The cost-cutting measures came as AMD issued a warning about its first-quarter results. The Sunnyvale-based company said its revenue for the three months ending in March totaled $1.23 billion, well below the company's initial estimates of $1.6 billion to $1.7 billion. (For a video clip of BusinessWeek.com reporter Arik Hesseldahl discussing AMD, click here.)

Management had previously acknowledged that the company would miss that revenue target, but the magnitude of the shortfall was more severe than Wall Street had anticipated. Analysts, on average, had projected first-quarter revenue of $1.55 billion, according to Thomson Financial.

AMD blamed the disappointing results primarily on lower prices for its chips—a byproduct of an intensifying battle with Intel, the world's largest maker of the microprocessors that power personal computers and scores of other high-tech devices.

With the ruthless competition driving down prices, AMD is expected to sustain substantial losses this year. The company's didn't specify its first-quarter losses in Monday's announcement.

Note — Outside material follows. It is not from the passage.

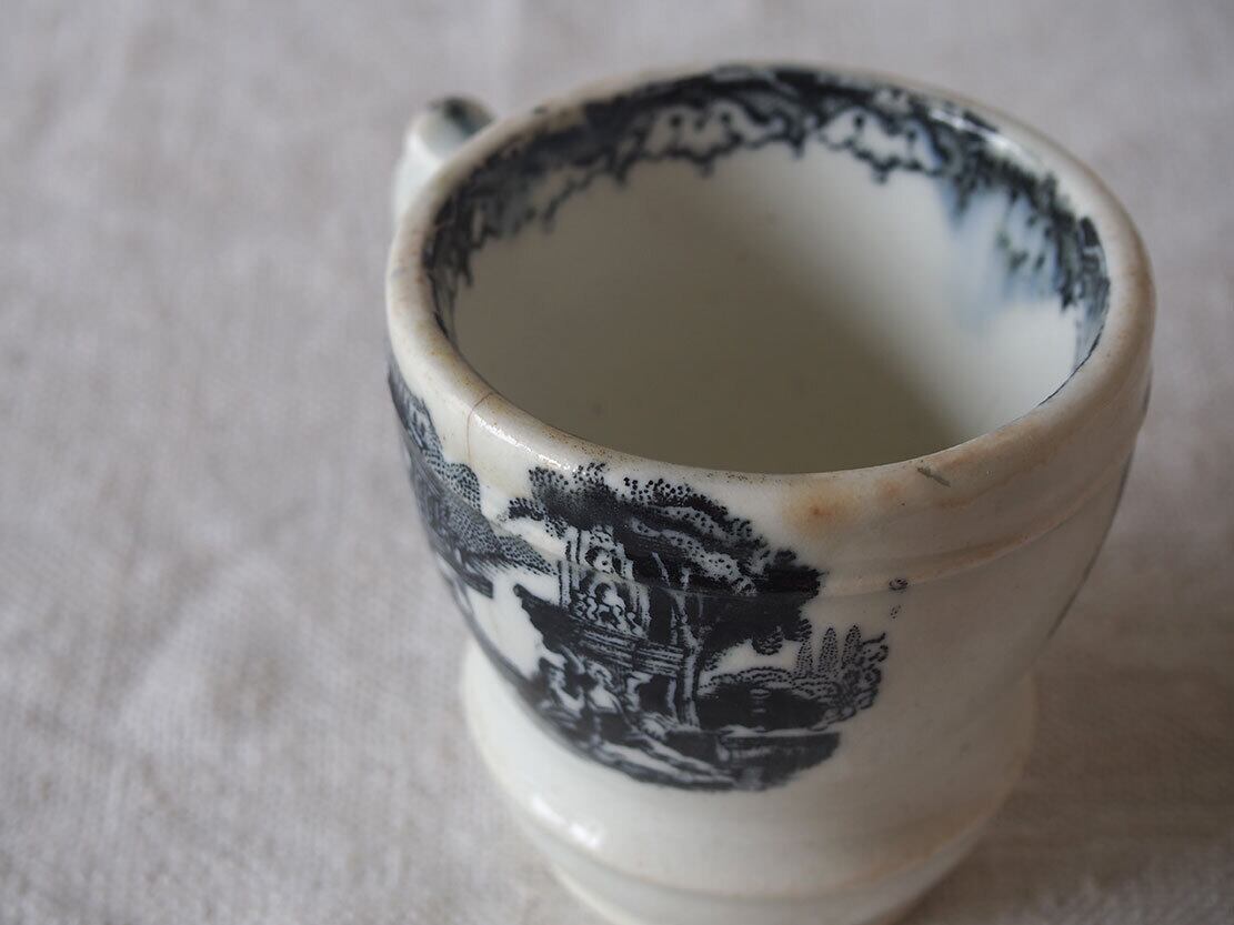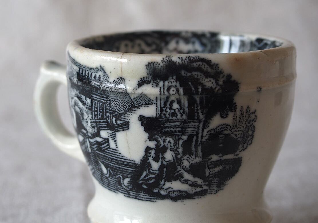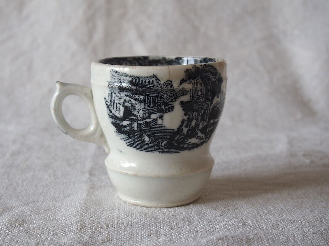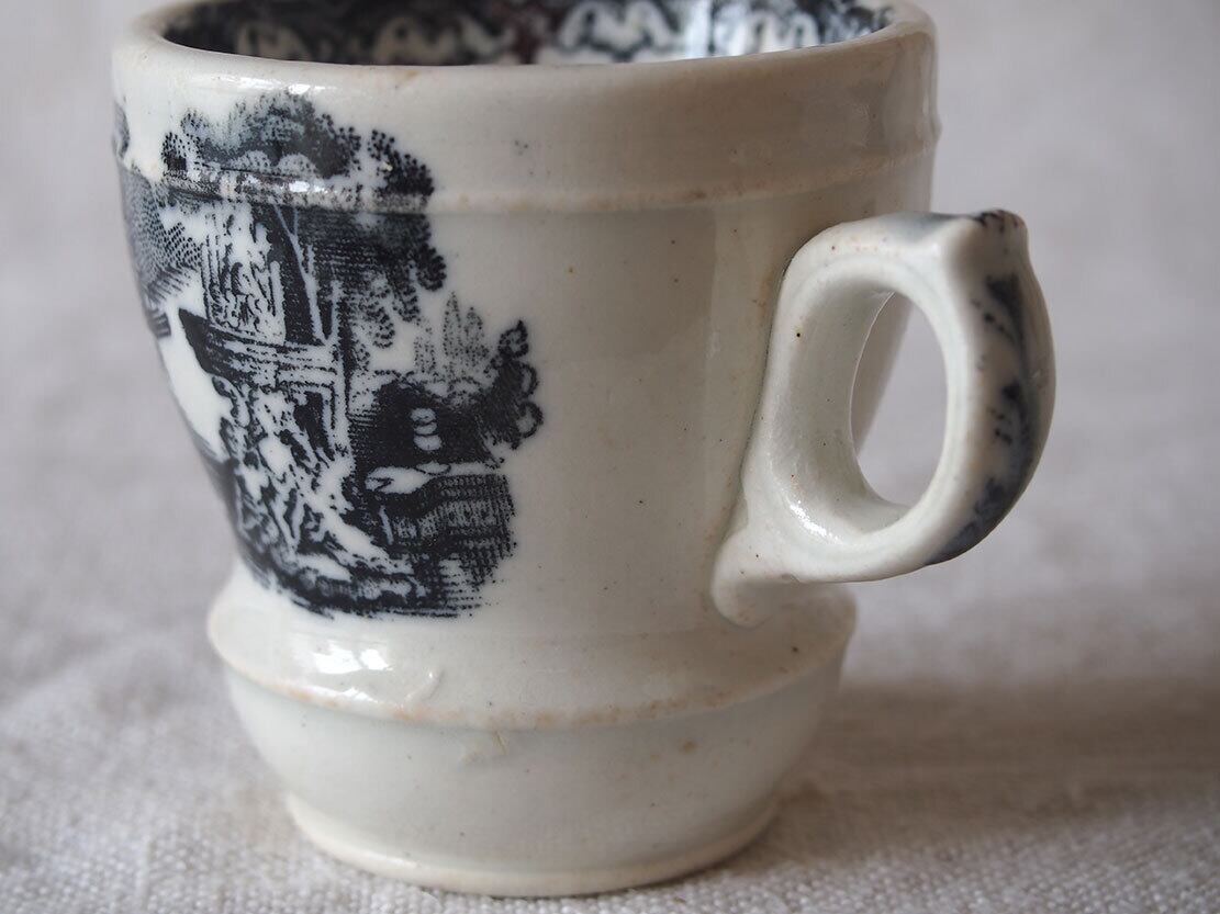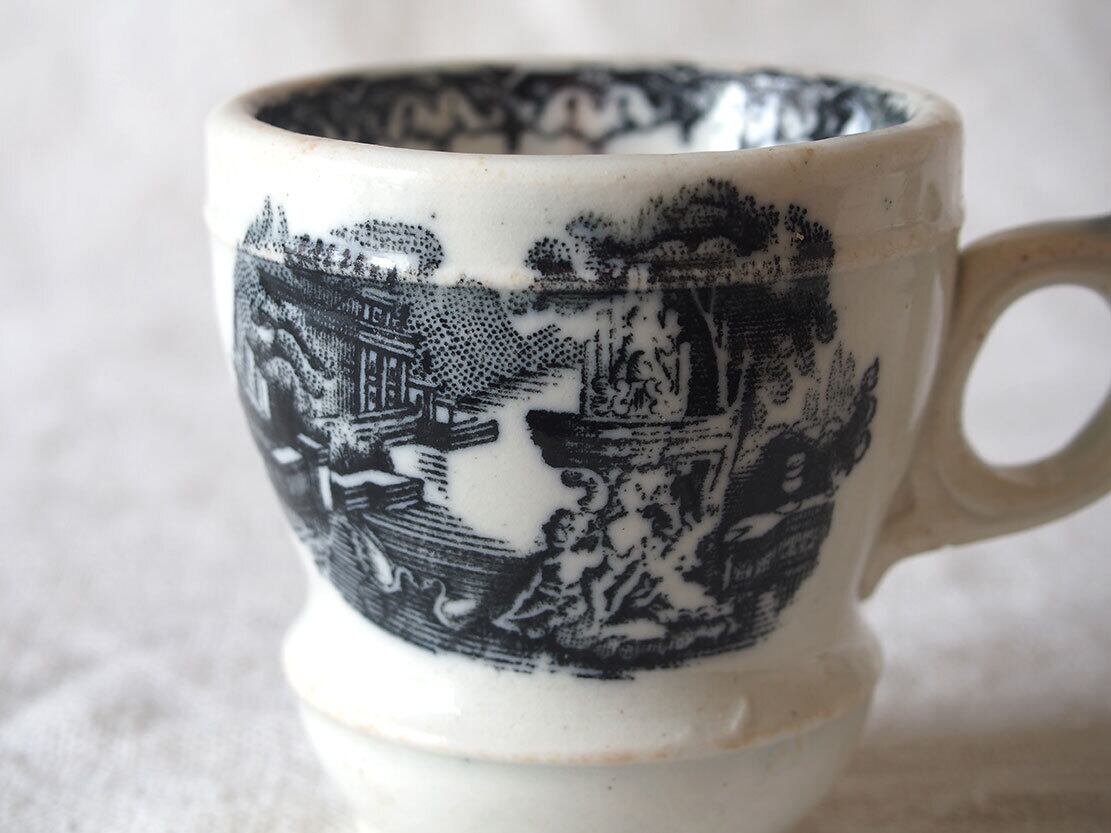 ヨーロッパで入手。ブラック・トランスファーウエァのカップ、19世紀後半〜20世紀初頭頃、スペインで作られた転写絵付けの陶器カップ。1841年創業、英国人のピックマンによってセビリアの修道院を利用して作られたスペインの古陶。1800年初頭に英国からの膨大な陶器製品のスペインへの輸入を禁止されたのち、スペイン国内で生産するために英国から多数のマイスターが派遣され指導したと言われています。水辺の館と水鳥、男女の紋様。ニュウや変色などあります、写真でよくご確認ください。コレクション、実用にもいかがでしょう。

Analysts, on average, had been projecting a loss of $155 million, or 30 cents per share, before AMD disclosed its first-quarter revenue dropped by about 8 percent from the same time last year. One of the more bearish, Joseph Osha of Merrill Lynch (MER), put out a report on Apr. 3 predicting a rough first half for both AMD and Intel. (see BusinessWeek.com, 4/4/07, "Stale Chips, Sliding Revenues").

With less money coming into the company, AMD said it will revise its business model. The overhaul will include a $500 million, or roughly 20 percent, reduction in its capital expenditures for this year coupled with a mandate to only fill "critical" job openings.

Investors applauded the cost-cutting commitment as AMD shares climbed 64 cents, or 5%, to $13.50 during Monday afternoon trading on the New York Stock Exchange. AMD's stock price has plummeted by about 60% during the past year, a $9 billion drop in market value that has underscored concerns about the company's ability to withstand the pricing pressure from the much-larger Intel.

"I keep waiting for one of these companies to cry, 'Uncle!'" said American Technology Research analyst Doug Freedman. "Until that happens, it's hard to recommend these stocks."

There was plenty of pessimism to go around. Blogger Om Malik called the AMD announcement a "tech reality check" and warned that soft demand "could chill the technology industry for at least first half of the year." Over at ZDNet, the ChipLand blog said AMD had sailed into the "perfect storm."

Freedman said he doubts AMD's restructuring will be enough to get the company through its current adversity. He believes the company will also need to raise more money, possibly by selling more of its stock.

AMD indicated it would provide more details about its cost-cutting initiative when management reviews its first-quarter results in an Apr. 19 conference call.